Konsumen RI jadi 'Pemakan Utang' Penyebab Menjamurnya Fintech Ilegal
- Imarticus
VIVA – Mayoritas konsumen Indonesia yang berbelanja online memiliki kecenderungan sebagai 'pemakan utang'. Artinya, mereka belanja tidak sesuai kebutuhan dan hanya mengikuti hawa nafsu semata. Ini salah satu penyebab menjamurnya fintech ilegal.
Bahkan, Ketua Satgas Waspada Investasi Otoritas Jasa Keuangan, Tongam L. Tobing, mengakui sangat kewalahan membendung kehadiran fintech ilegal akibat segala kemudahan dan perkembangan teknologi informasi digital yang begitu pesat.
Sebagai informasi, data OJK mencatat hingga saat ini, ada sekitar 1.477 aplikasi fintech peer-to-peer lending ilegal. Sementara, jumlah fintech peer-to-peer lending yang legal dan sudah terdaftar di OJK saat ini diketahui hanya mencapai 127 aplikasi.
"Lalu yang tidak boleh dilupakan adalah masalah literasi, di mana kita harus akui bahwa sebagian masyarakat kita belum cukup mendapatkan literasi mengenai fintech peer-to-peer lending, sehingga hal tersebut masih butuh ditingkatkan," kata Tongam, seperti dikutip dari VIVAnews.
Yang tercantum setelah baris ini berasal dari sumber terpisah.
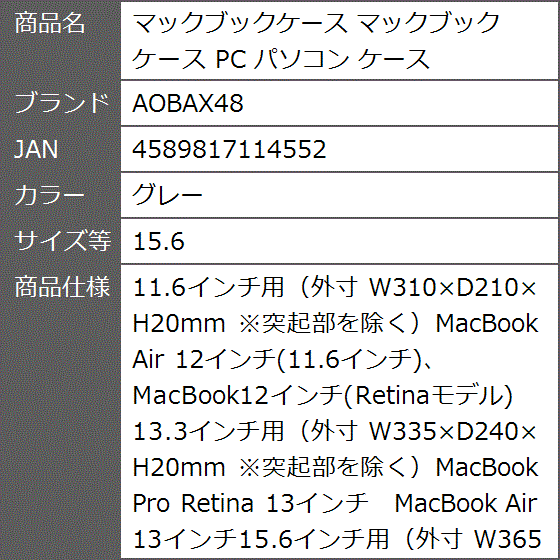- バリエーションコード : 2b4tg2juf4商品コード2b4tg4f9ss商品名マックブックケース マックブック ケース PC パソコン ケースブランドAOBAX48カラーグレーサイズ等15.611.6インチ用(外寸 W310xD210xH20mm *突起部を除く)MacBook Air 12インチ(11.6インチ)、MacBook12インチ(Retinaモデル)13.3インチ用(外寸 W335xD240xH20mm *突起部を除く)MacBook Pro Retina 13インチ MacBook Air 13インチ15.6インチ用(外寸 W365xD255xH20mm *突起部を除く)MacBook Pro Retina 15インチ MacBook Pro 15インチ*画像は、ご覧になっているモニターやPCなどの環境により、実物と多少カラーが異なる場合がございます。色味やサイズが異なるなどのクレームはご対応致しかねますので、ご了承ください。※ 他ネットショップでも併売しているため、ご注文後に在庫切れとなる場合があります。予めご了承ください。※ 品薄または希少等の理由により、参考価格よりも高い価格で販売されている場合があります。ご注文の際には必ず販売価格をご確認ください。※ 沖縄県、離島または一部地域の場合、別途送料の負担をお願いする場合があります。予めご了承ください。※ お使いのモニタにより写真の色が実際の商品の色と異なる場合や、イメージに差異が生じることがあります。予めご了承ください。※ 商品の詳細(カラー・数量・サイズ 等)については、ページ内の商品説明をご確認のうえ、ご注文ください。※ モバイル版・スマホ版ページでは、お使いの端末によっては一部の情報が表示されないことがあります。すべての記載情報をご確認するには、PC版ページをご覧ください。シンプルで洗練されたデザイン、11.6インチ、13.3インチ、15.6インチの各サイズに対応し、どんなノートパソコンにもぴったりフィット。柔らかくなめらかな素材を使用しており、大事なノートパソコンを傷から守りながら、持ち運び時の負担も軽減します。このケースはスリムでコンパクトな設計が特徴で、重さを感じさせない軽量設計です。内外面ともに柔らかい素材で覆われているため、デバイスを優しく保護。大きく開くダブルファスナー設計により、ノートパソコンの出し入れもスムーズに行えます。ビジネスシーンからカジュアルな使用まで、幅広いシチュエーションで活躍するこのケースは、大学生から社会人まで、とてもおすすめです。色のバリエーションも豊富で、自分のスタイルに合わせて選べるのも魅力の一つです。*注意事項* *画像は、ご覧になっているモニターやPCなどの環境により、実物と多少カラーが異なる場合がございます。色味やサイズが異なるなどのクレームはご対応致しかねますので、ご了承ください。

Ia juga membeberkan modus penyebab kerap terjadinya masalah dalam mekanisme pinjam meminjam dana secara online, yang melibatkan fintech peer-to-peer lending, baik yang legal maupun ilegal.
"Masalahnya adalah kemudahan orang untuk membuat aplikasi saat ini. Satu aplikasi kita blokir hari ini, besok muncul lagi ribuan yang baru lainnya. Jadi pemerintah tidak bisa mendeteksi ya," jelas Tongam.
Ia bahkan mengaku bahwa pihaknya telah mencoba memecahkan masalah ini dengan memanggil pihak Google, dan menemukan keresahan yang sama terkait hal tersebut.
Tongam menceritakan, pihak Google hanya bisa membantu Satgas Waspada Investasi OJK dengan membuat satu kriteria, di mana semua aplikasi pinjaman online yang masuk di Play Store harus mempunyai Payback Period minimum 60 hari.
"Google sendiri tidak bisa melakukannya karena dalam satu hari bisa jutaan aplikasi baru. Apalagi itu semua open source, semua ditampung oleh Google," ujarnya.
Untuk itu, Tongam pun tak menyangkal bahwa salah satu masalah utamanya adalah kemajuan teknologi informasi yang begitu pesat, sehingga tidak mungkin suatu pihak bisa menghentikan masalah itu kecuali sudah terjadi.